I'd like to test this out. I have a machine with a i7-5775R (no other video card) in it mining with xmr-stak at about 612 H/S. I've cloned this branch and cannot get it to work. I get the error stating that there is no opencl device found. This is on headless ubuntu 17.10 server. I installed the amd SDK and after this error tried installing the intel opencl drivers and the radeon drivers. Is there something special I need to do? Or does this require xwindows and a monitor hooked up?

totallyG82 commented 6 years ago

@psychocrypt The intel GPUs have 256KB of cache per slice. They may then use the CPUs L3 or the eDRAM (Iris Pro).

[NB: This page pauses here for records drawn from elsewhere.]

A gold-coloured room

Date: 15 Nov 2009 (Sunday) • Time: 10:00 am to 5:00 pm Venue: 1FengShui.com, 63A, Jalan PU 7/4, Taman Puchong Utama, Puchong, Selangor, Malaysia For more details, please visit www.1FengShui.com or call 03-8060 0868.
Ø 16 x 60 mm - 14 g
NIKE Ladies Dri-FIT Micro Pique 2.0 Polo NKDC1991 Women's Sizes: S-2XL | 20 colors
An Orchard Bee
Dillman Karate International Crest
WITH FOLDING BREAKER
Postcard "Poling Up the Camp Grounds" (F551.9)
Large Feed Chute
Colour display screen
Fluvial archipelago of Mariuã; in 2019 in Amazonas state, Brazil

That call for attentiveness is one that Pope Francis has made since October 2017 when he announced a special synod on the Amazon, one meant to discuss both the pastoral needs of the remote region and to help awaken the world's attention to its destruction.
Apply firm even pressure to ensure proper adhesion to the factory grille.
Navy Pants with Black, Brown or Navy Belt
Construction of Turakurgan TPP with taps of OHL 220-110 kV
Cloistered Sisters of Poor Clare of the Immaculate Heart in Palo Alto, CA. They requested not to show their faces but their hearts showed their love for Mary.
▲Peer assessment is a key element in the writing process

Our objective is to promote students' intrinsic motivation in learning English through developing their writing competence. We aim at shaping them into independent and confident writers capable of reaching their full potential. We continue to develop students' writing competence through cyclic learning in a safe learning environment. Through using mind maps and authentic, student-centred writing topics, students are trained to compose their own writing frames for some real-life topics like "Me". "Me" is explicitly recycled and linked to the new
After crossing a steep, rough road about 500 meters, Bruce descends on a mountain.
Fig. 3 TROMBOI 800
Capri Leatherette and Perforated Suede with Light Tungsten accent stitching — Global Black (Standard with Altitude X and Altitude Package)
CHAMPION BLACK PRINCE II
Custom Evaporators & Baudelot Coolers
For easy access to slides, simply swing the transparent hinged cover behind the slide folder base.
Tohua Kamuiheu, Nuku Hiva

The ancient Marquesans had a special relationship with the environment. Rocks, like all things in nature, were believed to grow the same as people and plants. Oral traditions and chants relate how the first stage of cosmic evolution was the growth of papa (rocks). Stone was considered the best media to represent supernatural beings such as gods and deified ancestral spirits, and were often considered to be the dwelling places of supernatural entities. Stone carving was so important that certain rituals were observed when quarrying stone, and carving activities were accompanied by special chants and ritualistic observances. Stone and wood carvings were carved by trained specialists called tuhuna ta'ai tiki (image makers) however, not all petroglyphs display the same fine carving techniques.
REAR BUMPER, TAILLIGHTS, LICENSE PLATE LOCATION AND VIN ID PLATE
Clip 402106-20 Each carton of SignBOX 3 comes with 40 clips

After that they use slow system RAM. Unless we see a CryptoNight "nano" with smaller 256KB blocks, most Intel GPUs will be of no use mining CryptoNight.

verych commented 6 years ago

@psychocrypt, maybe you canhelp by advice. I cannot resolve an issue with Intel Iris Pro. See this error message:

[2018-01-24 11:51:46] : Start mining: MONERO [2018-01-24 11:51:46] : Compiling code and initializing GPUs. This will take a while... [2018-01-24 11:51:46] : WARNING: using non AMD device: Intel(R) Corporation [2018-01-24 11:51:46] : Device 0 work size 8 / 64. [2018-01-24 11:51:46] : Error CL_INVALID_DEVICE when calling clCreateCommandQueueWithProperties. [2018-01-24 11:51:46] : WARNING: AMD device not found [2018-01-24 11:51:46] : WARNING: backend AMD disabled. [2018-01-24 11:51:46] : ERROR: No miner backend enabled.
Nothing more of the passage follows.